Data block -
===============

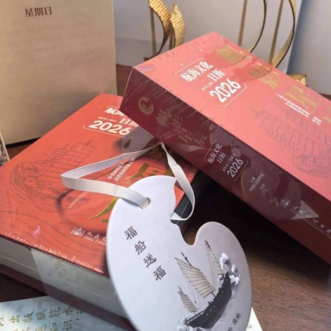 更值得一提的是,随日历附赠“福船送福” 御舻吉祥香片。香片一面印中国古代 “福船” 图案,寓意 “福船送福”;另一面是乾隆皇帝的御舻 “安福舻”,承载 “舻载安福来” 的美好祈愿。将其置于案头、夹于书间、挂于车内或是放进衣物柜,都能让暗香相伴,为生活增添一份航海专属的吉祥氛围。
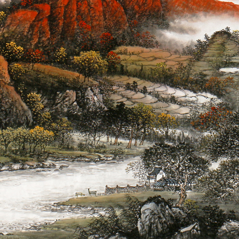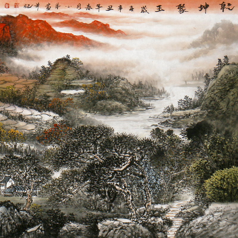 1 8 meters (Member of Provincial Artists Association) Long Xiaodi "Qian Kun Gathering Jade" hand-painted landscape paintings by famous masters
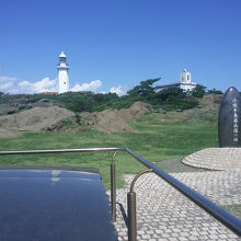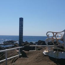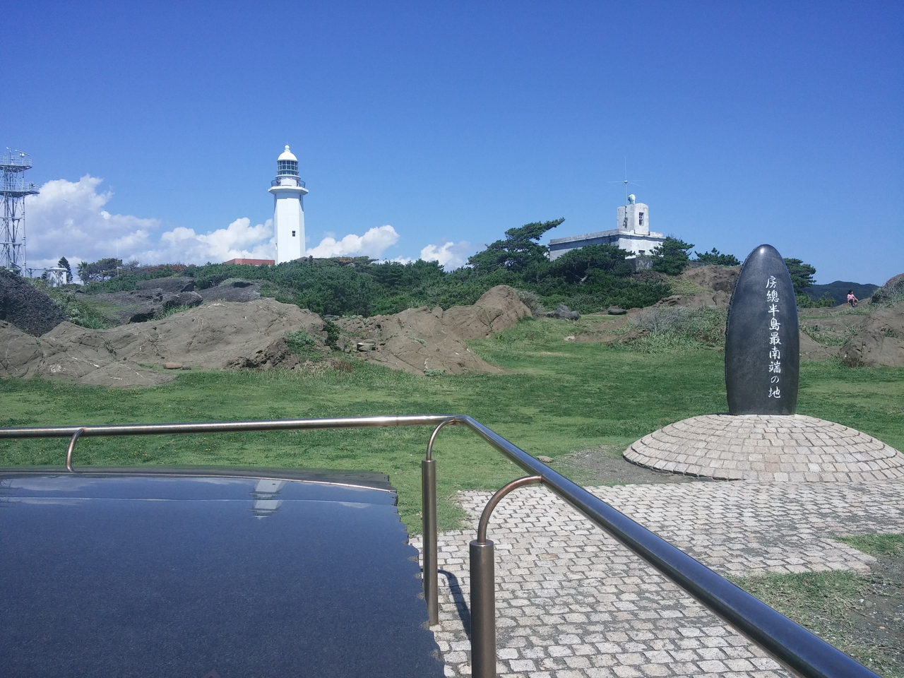 千葉県最南端の野島崎。岬のとっさきには最南端のモニュメントとベンチが設置されています。青空に映えてステキ!ベンチからは朝日と夕日が眺められます。その下には巨大な御影石。ピラミッドを作った石ひとつと同じ大きさだそう。ツルツルの御影石には白亜の灯台が映ります。
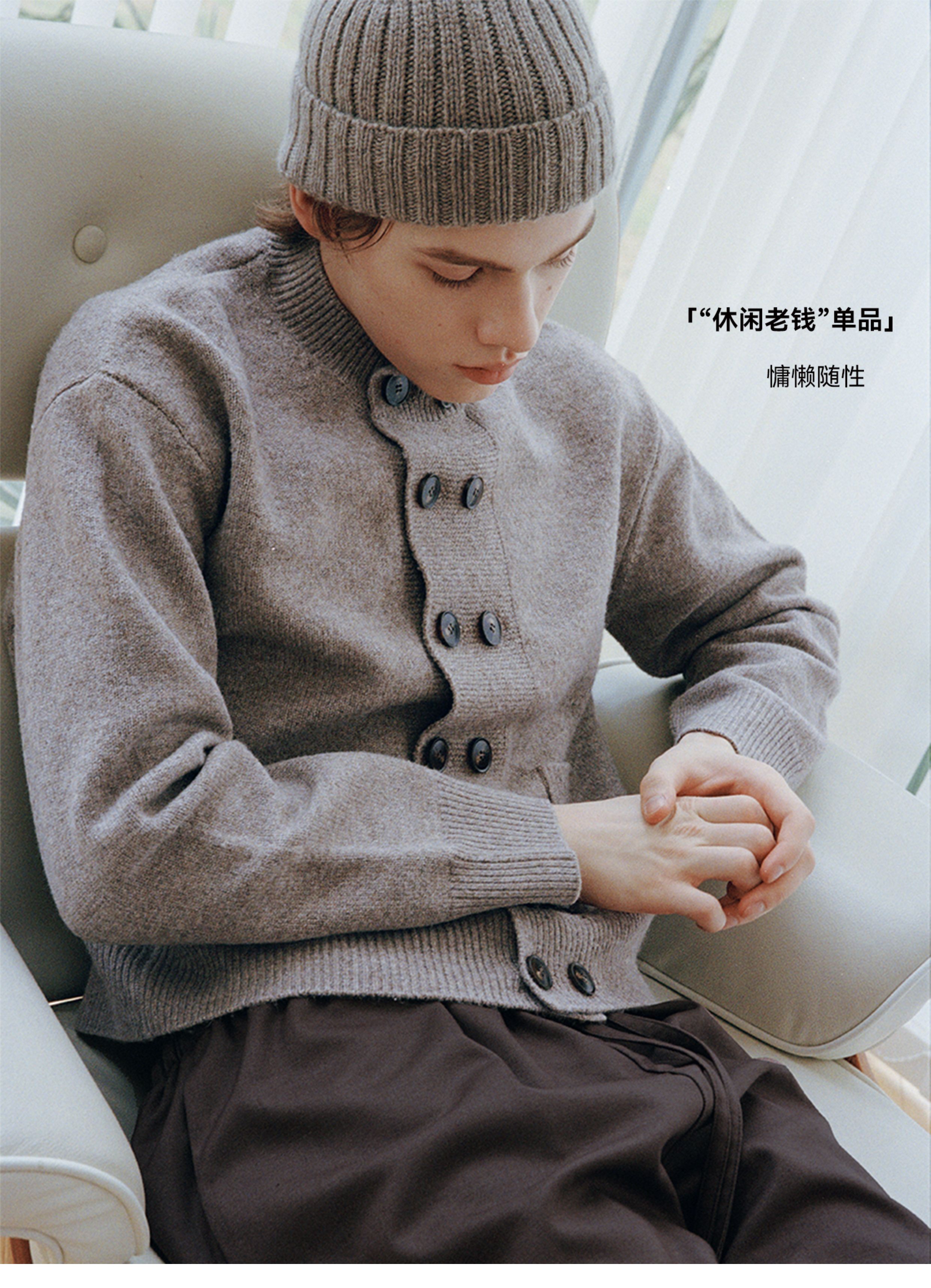 Vlabmade Retro Old Money Double-Breasted Velvet Sweater * Wool Blend Elegant Lazy Round Neck Knitted Cardigan

===============

The task -
Using the data above, print every line exactly, omitting pictures.

Your solution -
 更值得一提的是,随日历附赠“福船送福” 御舻吉祥香片。香片一面印中国古代 “福船” 图案,寓意 “福船送福”;另一面是乾隆皇帝的御舻 “安福舻”,承载 “舻载安福来” 的美好祈愿。将其置于案头、夹于书间、挂于车内或是放进衣物柜,都能让暗香相伴,为生活增添一份航海专属的吉祥氛围。
 1 8 meters (Member of Provincial Artists Association) Long Xiaodi "Qian Kun Gathering Jade" hand-painted landscape paintings by famous masters
 千葉県最南端の野島崎。岬のとっさきには最南端のモニュメントとベンチが設置されています。青空に映えてステキ!ベンチからは朝日と夕日が眺められます。その下には巨大な御影石。ピラミッドを作った石ひとつと同じ大きさだそう。ツルツルの御影石には白亜の灯台が映ります。
 Vlabmade Retro Old Money Double-Breasted Velvet Sweater * Wool Blend Elegant Lazy Round Neck Knitted Cardigan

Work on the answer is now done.